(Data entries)
--- --- ---

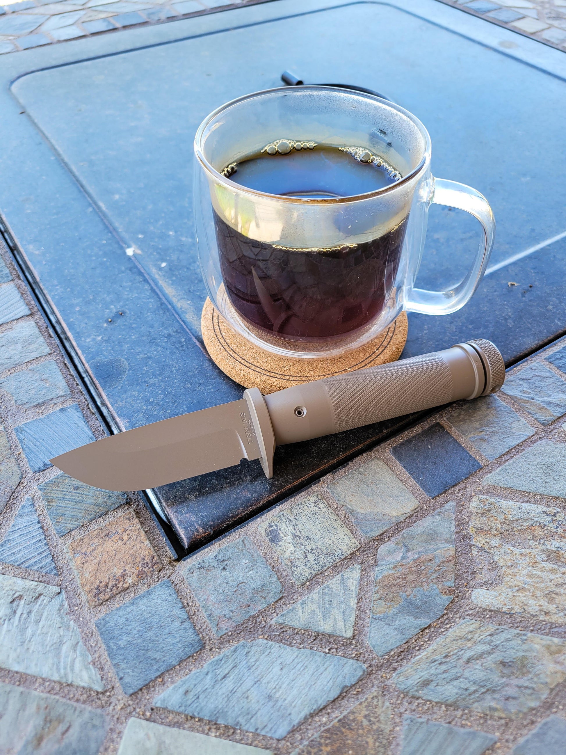 This is our Desert Tan color, very similar to Flat Dark Earth. The full GunKote option gets the entire knife (blade/guard/handle/buttcap) finished in premium KG GunKote, a very thin, durable baked on coating that is virtually immune to solvents and protects from corrosion and wear. The finish is able to be reapplied if sent in for "spa service," and color can be changed at that time, also.
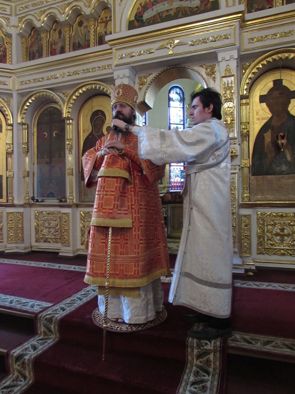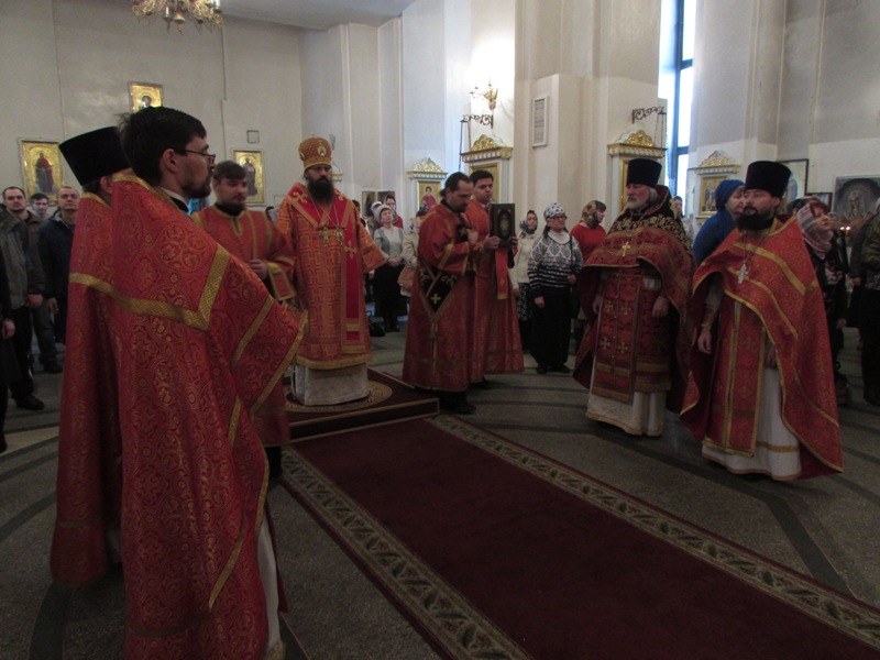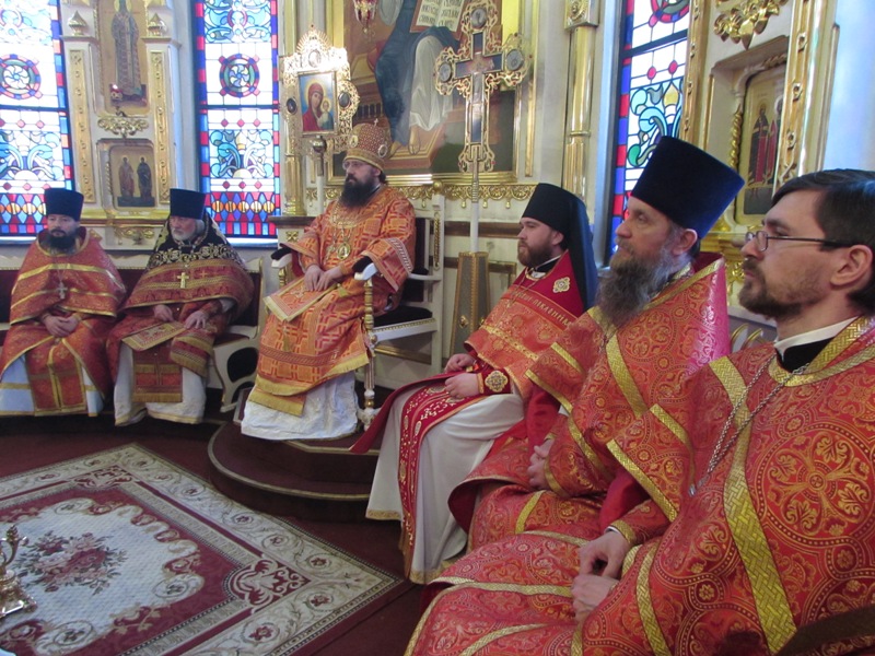Его Преосвященству сослужили: секретарь Норильской епархии иеромонах Герман (Мельников); благочинный Норильского округа протоиерей Владимир Иванов; штатный клир собора.
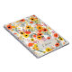 Set against a clean, crisp white background, this design bursts with color: bold orange and golden-yellow blossoms take center stage, echoing the warmth of poppies and sunflowers. Delicate pinks, gentle purples, and soft cream flowers add layers of charm, while lush greens and subtle blue-greys flow like gentle vines through this floral tapestry.
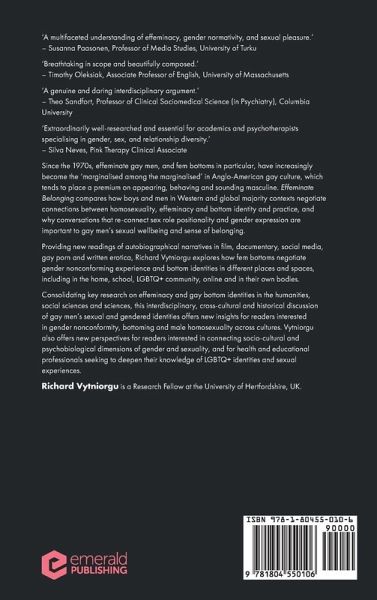 Richard Vytniorgu compares how boys and men in Western and global majority contexts negotiate connections between homosexuality, effeminacy, and bottom identity and practice, and why conversations that re-connect sex role positionality and gender expression are important to gay menâ s sexual wellbeing and sense of belonging.
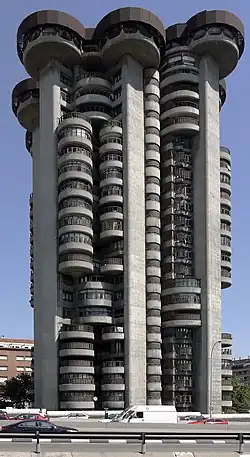 - 1971-1978 : tour de la Banque de Bilbao, édifice de 107 m présentant des façades d'acier et de verre, situé dans le complexe financier et commercial AZCA de Madrid ;
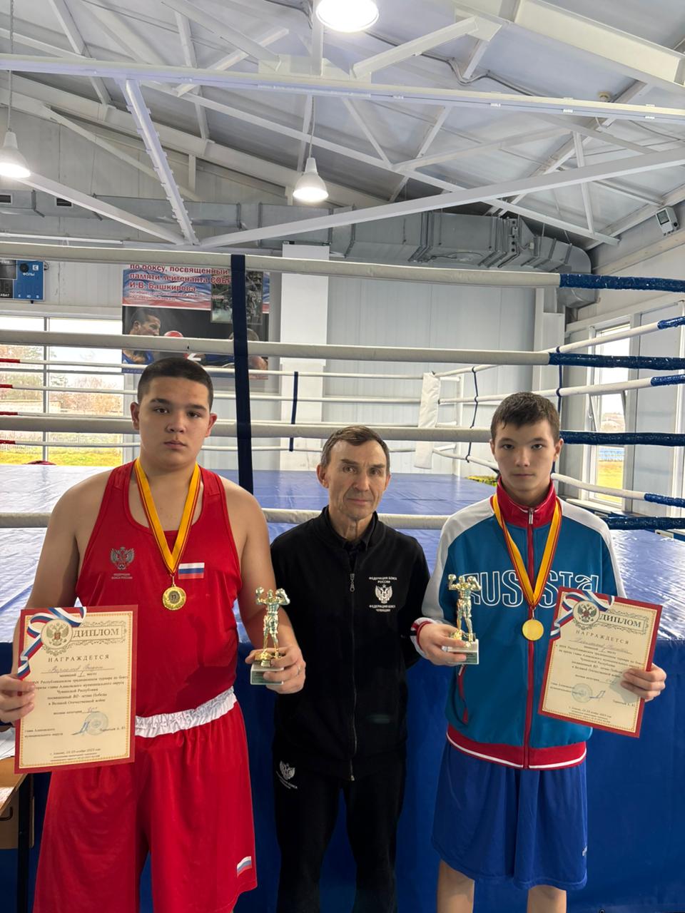 На минувшей неделе боксеры Чувашии приняли участие в XXVII традиционном открытом республиканском турнире на призы главы Аликовского муниципального округа, посвященном Году Победы и патриотизма, в котором приняло участие 120 юных спортсменов из Чувашии, Татарстана, Марий Эл, Самарской и Ульяновской областей. Большим составом выступила и цивильская боксерская дружина, в активе которой 2 золотых, 3 серебряных и 2 бронзовые награды. Так, победителями турнира в своих весовых категориях стали подопечные заслуженного работника физической культуры и спорта Чувашской Республики Николая Ремеслова члены сборной команды Чувашской Республики Никита Никифоров (54 кг) и Вадим Варламов (+80 кг). Серебряных наград удостоились наши Сергей Григорьев (24 кг), Егор Фадеев (36 кг) и Ульяна Александрова (57 кг). Бронза на счету наших цивилян Тимофея Федорова (34 кг) и Владимира Григорьева (48 кг). Все победители и призеры награждены ценными подарками медалями и дипломами соответствующих степеней.
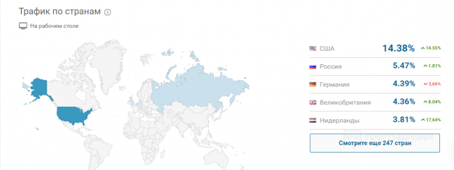Напомним, что большая часть десктопного трафика на CoinMarketCap идет из США — 14,38% пользователей. Среди лидеров также Россия (5,47%), Германия (4,39%), Великобритания (4,36%) и Нидерланды (3,81%).
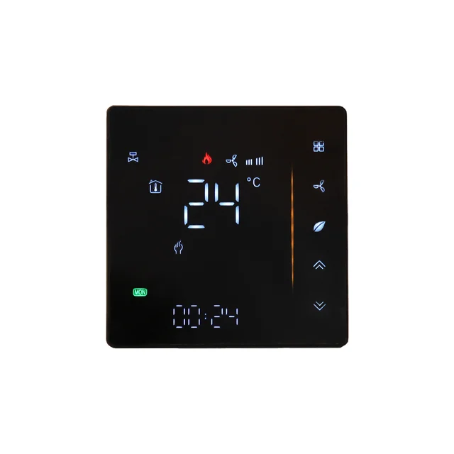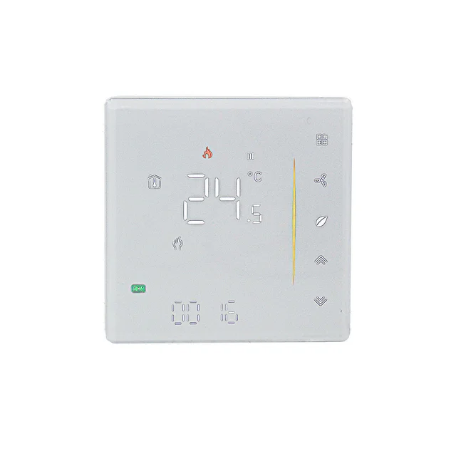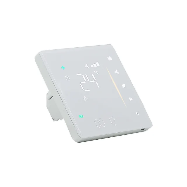 ترموستات هوشمند مدل Beca-006 ویژهٔ فن کوئل، یکی از گزینه های پیشرفته و کارآمد برای کنترل دقیق دمای محیط در خانه های هوشمند به شمار میرود. این دستگاه از طریق ارتباط Wi-Fi، امکان راه اندازی چیلرهای سقفی سه سرعته را فراهم میکند و همچنین قابلیت کنترل روشن و خاموش شدن شیرهای برقی فن کوئل را نیز در اختیار کاربر قرار میدهد.با اتصال مستقیم به مودم خانگی از طریق شبکهٔ Wi-Fi، این ترموستات به شما اجازه میدهد تا حتی از راه دور نیز دمای محیط را با دقت بالا تنظیم کنید. اپلیکیشن Tuya Smart امکان مدیریت تنظیمات دما را فراهم میسازد و به شما اجازه میدهد تا از قابلیت هایی مانند زمانبندی و تعریف سناریو برای بهینه سازی مصرف انرژی و افزایش آسایش بهرهمند شوید.
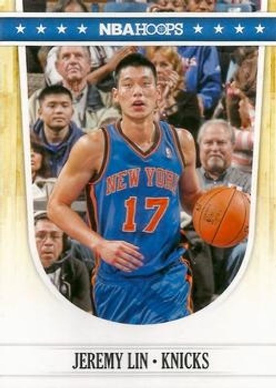 The Jeremy Lin 2011 Hoops #67 Base card is 1 of 5 Jeremy Lin's card variations in the 2011 Hoops set being tracked by Sports Card Investor, including Artist's Proofs, Autographs, Glossy, and Artist's Proofs Black /1.
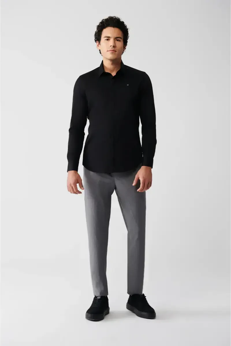 Черная приталенная мужская рубашка из хлопкового сатина | Классический воротник, длинный рукав
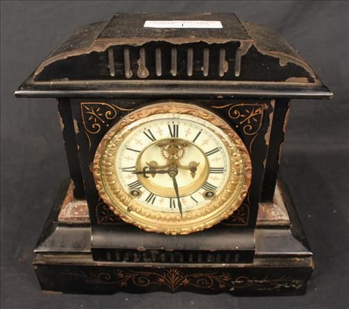 379 Victorian Metal mantle clock, 12 in. T, 10 in. W.
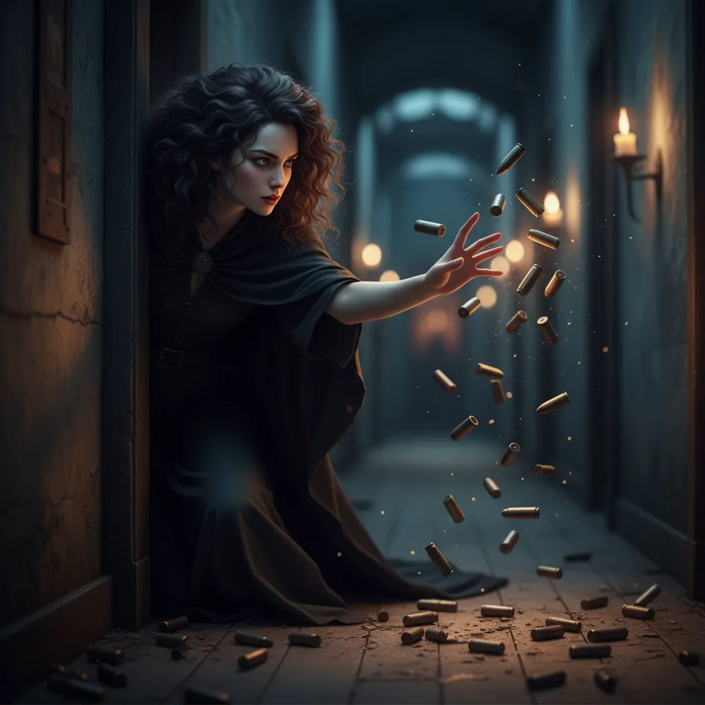 Беллатриса проехала по гладкому полу и в последний момент успела скрыться за поворотом. Пуля попала в нескольких сантиметрах от неё, и белое облачко вспорхнуло.
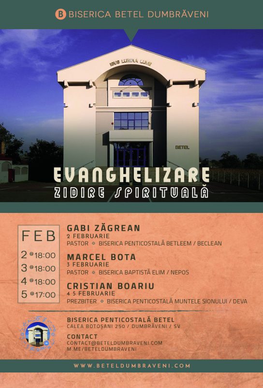 Tradiţional, în luna februarie, Biserica “BETEL” din Dumbrăveni, judeţul Suceava organizează slujbe speciale destinate evanghelizării şi creşterii în credinţă. Fiecare creştin din zonă este aşteptat împreună cu familia, vecinii, prietenii şi colegii de serviciu, pentru a împărtăşi bucuria mânturii împărtăşită prin Scripturi cu pastori, leviţi şi slujitori ai Evangheliei.

--- --- ---

YOUR GOAL:
From the data above, return exactly the lines from the one with "Set against a" up to and including the one with "Richard Vytniorgu compares". Pictures do not go in the copy.

OUTPUT FOR THIS EXERCISE:
 Set against a clean, crisp white background, this design bursts with color: bold orange and golden-yellow blossoms take center stage, echoing the warmth of poppies and sunflowers. Delicate pinks, gentle purples, and soft cream flowers add layers of charm, while lush greens and subtle blue-greys flow like gentle vines through this floral tapestry.
 Richard Vytniorgu compares how boys and men in Western and global majority contexts negotiate connections between homosexuality, effeminacy, and bottom identity and practice, and why conversations that re-connect sex role positionality and gender expression are important to gay menâ s sexual wellbeing and sense of belonging.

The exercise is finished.